JudgeKearns P.
Judgment Date03 March 2015
Neutral Citation[2015] IEHC 116
CourtHigh Court
Date03 March 2015

[2015] IEHC 116


R (R) (a minor) v DPP & Ors



Crime & Sentencing – Robbery – Sentencing – S. 100 of the Children Act 2001 – Vacation of order – Delay in pronouncement of sentence

Facts: The second named respondent indicted the minor applicant for robbery. At that time, neither the prosecution nor the accused had the provisions of s. 100 of the Children Act 2001 in consideration. Subsequently, the first named respondent initiated the proceedings under s. 100 of the said Act and the applicant, who had already been serving sentence for an unrelated offence, was remanded on bail for sentencing by the third named respondent. Now the first named respondent sought an order by way of certiorari for quashing the orders of both the second and the third named respondents and whether the proceedings should be remitted back to the Circuit Criminal Court for sentencing.

Mr. Justice Kearns P. granted an order quashing the orders of the second and the third named respondents and remitted the matter to the Circuit Court for sentencing.

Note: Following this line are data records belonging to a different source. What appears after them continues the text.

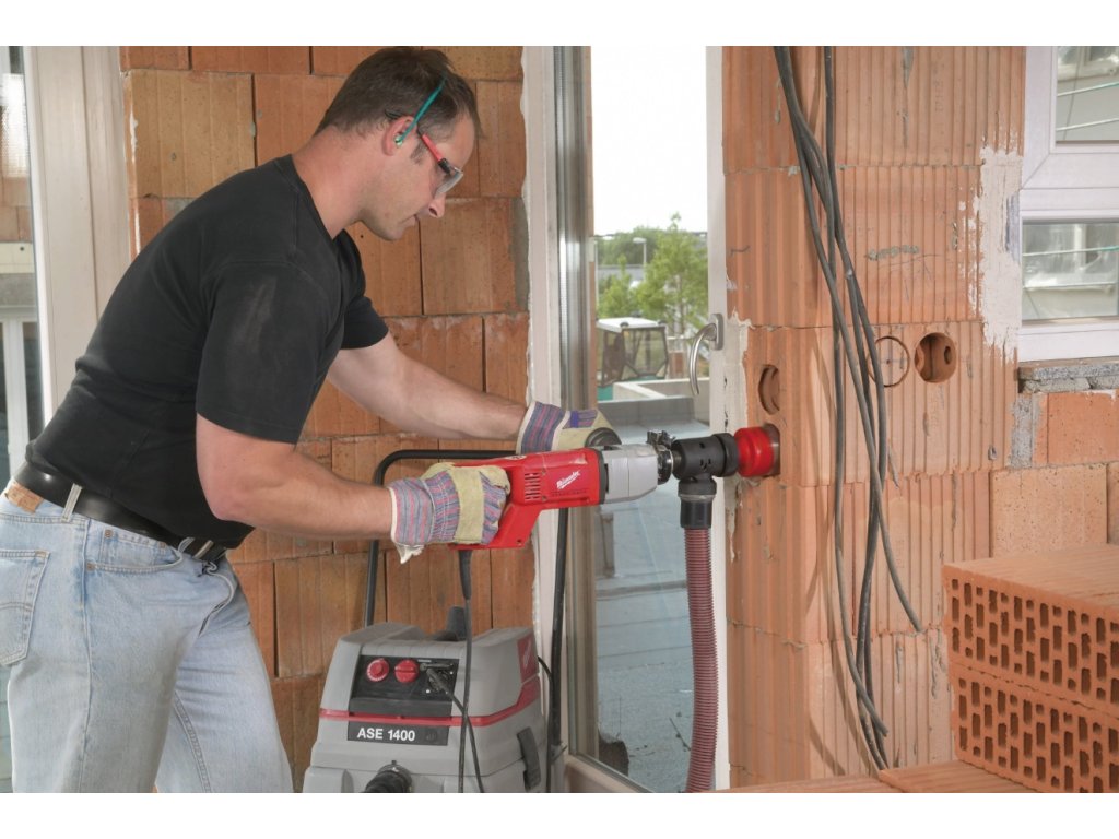 2-rychlostní diamantová vrtačka MILWAUKEE DD 2-160 XE Výkonný robustní motor dodává vysoký kroutící moment o stálé hodnotě. Dvojitá ochrana prostřednictvím vzájemně spojené mechanické a elektronické spojky na ochranu uživatele i nástroje. Robustní konstrukce s kovovou převodovkou. Bezpečná manipulace díky dlouhé boční rukojeti AVS a zadní rukojeti ve tvaru „D”. Dvojrychlostní převodovka. Adaptér M16 FIXTEC™ pro rychlou výměnu vrtací korunky. Funkce měkké řezání - při aktivaci umožňuje vrtací korunce řezat rychleji a snadněji. Možnost měkkého startu pomocí akceleračního spínače umožňuje přesné a řízené vrtání. FIXTEC™ Cleanline rotor (dodává se zvlášt) nejlepší řešení pro odsávání prachu. 4 m kabel. Standardní vybavení: rychlovýměnný adapter, M16 diamantová korunka, SDS plus pilotní vrták (8 x 140 mm).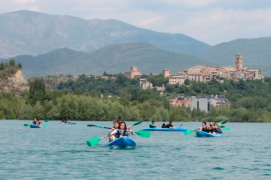 Durante el recorrido, disfrutarás de las aguas tranquilas del embalse, rodeadas de montañas, bosques y acantilados que ofrecen una de las panorámicas más espectaculares de Huesca. Una actividad ideal para quienes buscan relax, naturaleza y aventura acuática.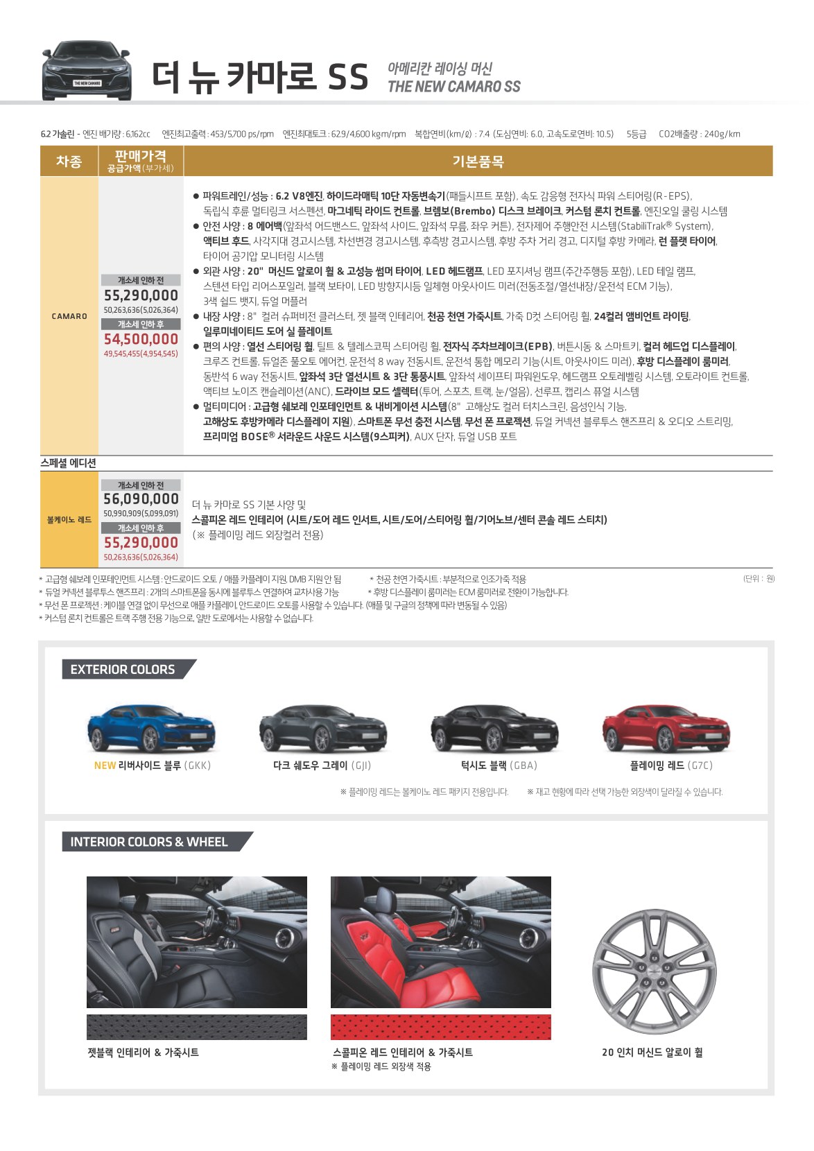 2019년 8월 카마로 가격표

The Court held that the provisions of s. 100 of the Children Act 2001 were beneficiary in nature but it did not follow that failure to submit a Probation Report within the stipulated time of 42 days as envisaged by the section would have led to sentencing the accused/child in haste. The Court observed that the language of the said section permitted the Court to remand the child on bail whenever there was a delay in production of necessary documents. The Court held that the applicant having spent additional time in excess of what was being allowed by the legislature was due to the fact that he was already serving a sentence in an unrelated offence and hence he did not serve any additional time in detention.


JUDGMENT of Kearns P. delivered on the 3rd day of March, 2015


This matter comes before the Court in circumstances where the first respondent has conceded to the grant of certiorari in respect of orders made by His Honour Judge Nolan and Her Honour Judge Ring on the 17 th October, 2014 and 25 th November, 2014 respectively. The parties are now in dispute as to whether the substantive criminal proceedings should be remitted to the Circuit Court for sentencing.


The applicant is a minor and is charged with two very serious robbery offences which occurred in April 2014. In one incident the applicant and his co-accused followed a disabled man on a bus from Dublin city centre to Booterstown. They then followed him from the bus stop before hitting him across the head and stealing his briefcase. In the second incident, the applicant and his co-accused lured a drunk and vulnerable man down a laneway in Dublin 2, knocked him unconscious and robbed him.


The offences were dealt with on indictment and were sent forward to Dublin Circuit Criminal Court. On the 17 th October, 2014 the applicant pleaded guilty to both offences and was remanded by Judge Nolan in custody for sentence to 17 th February, 2015. Judge Nolan also ordered the preparation of a Probation Services report. Neither the prosecution nor defence made any reference to the provisions of s.100 of the Children Act 2001 which only permits a remand of 28 days in custody with the possibility of a further extension of 14 days if the accused is admitted to bail.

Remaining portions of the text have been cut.